Just another blog post on habits and routines?

Just another blog post on habits and routines?


It’s kind of cliche to talk about habits and routines with the start of the new year right? Everybody knows by now that January is typically the time to set new year’s resolutions, just so that we can abandon them again one month later… if we even make it that far. We think about sticking to a better diet, going to the gym, being kinder to our partners, and maybe calling dear mum more often. But somehow really keeping up those resolutions and building strong habits is harder than we want.

Instead of writing just another post on how to set new year’s resolutions, we want to dive a little deeper into the definitions of habits and routines and thus try to understand why designing and building them is hard but can still be done with the right mindset and tools.


So first of all, let’s talk about the difference between habits and routines. In everyday life we use those words interchangeably, but actually there is a clear distinction. They mainly differ in the level of awareness when performing the one or the other. But what does level of awareness mean in this context?
When performing a habit you kind of work on autopilot. There is usually a trigger for a habit and you don’t really think about actually doing it. It just happens. With routines, much more consciousness and deliberate action are involved. So even though for both concepts we talk about regular repeated actions, habits require much less intention and effort than routines.

So what does that mean for our new year’s resolutions? Well, even though we talk about making it a habit to just go the gym or to eat the apple instead of the chocolate, our bodies will not just automatically grab the gym bag and walk out of the door without any conscious decision from our side. Expecting that those resolutions become habits quickly already sets us up for failure. And we all know, as soon as we fall off the bandwagon once, we are likely doing it again.


That doesn’t mean however that it is impossible to build a habit out of a routine, but this takes time and patience.

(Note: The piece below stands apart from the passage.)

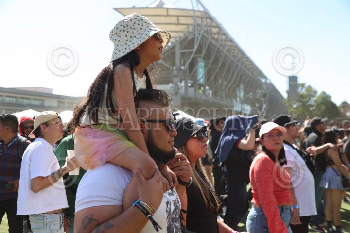 CIUDAD DE MÉXICO, 15MARZO2025. Una niña es cargada por su papá durante el primer día del Festival Iberoamericano de Cultura Musical Vive Latino, en su edición número 25, en el Estadio GNP Seguros de la capital del país. FOTO: EDGAR NEGRETE LIRA/CUARTOSCURO.COM
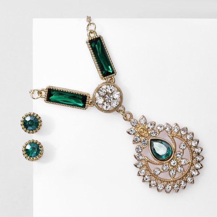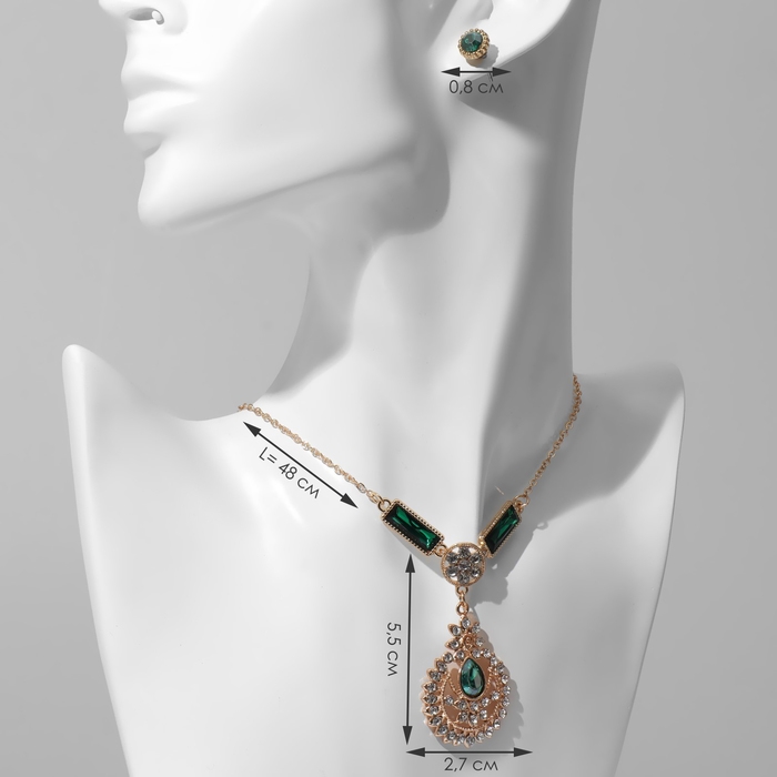 Гарнитур 2 предмета: серьги, кулон «Роса» цветочная, цвет зелёно-белый в золоте, 48 см

When reading scientific literature on the topic of habits, the basic common ground they all agree on is The Habit Loop:

Trigger: you need to have a cue reminding you to perform a certain action, i.e. getting up in the morning and directly seeing your neatly packed pile of gym clothes and sneakers for you to put on.
Routine: consciously deciding to act on that trigger and perform the desired action, i.e. putting on those prepared gym clothes and going to the gym for your exercise session.
Reward: making sure to reward yourself in some way or another to teach your brain that this specific habit loop is worth remembering and performing again in future, i.e. feeling all the endorphins running through your body after a good workout session and feeling fit and strong, ready to take on your day ahead.


When first designing and acting on this habit loop you realise that indeed your resolution is no habit yet and you need to invest quite some effort and intent to act on it. With time however, the routine will become easier and easier to perform and much less willpower is needed to act on your trigger or cue.


  1. Before being able to build a strong habit, you need to design a routine which requires a much higher level of effort and intent.
  2. When setting up your routine, make sure to include all three elements of the habit loop: next to the routine itself, also having a trigger and a reward are success factors.
  3. Work on your expectations: knowing the difference between habits and routines and understanding that building a habit takes quite some time, don’t set yourself up for failure by expecting your routine to be done on autopilot.


Give yourself time and be kind to yourself. And when falling off the bandwagon, know that you are not alone and that you can just as easily jump on again.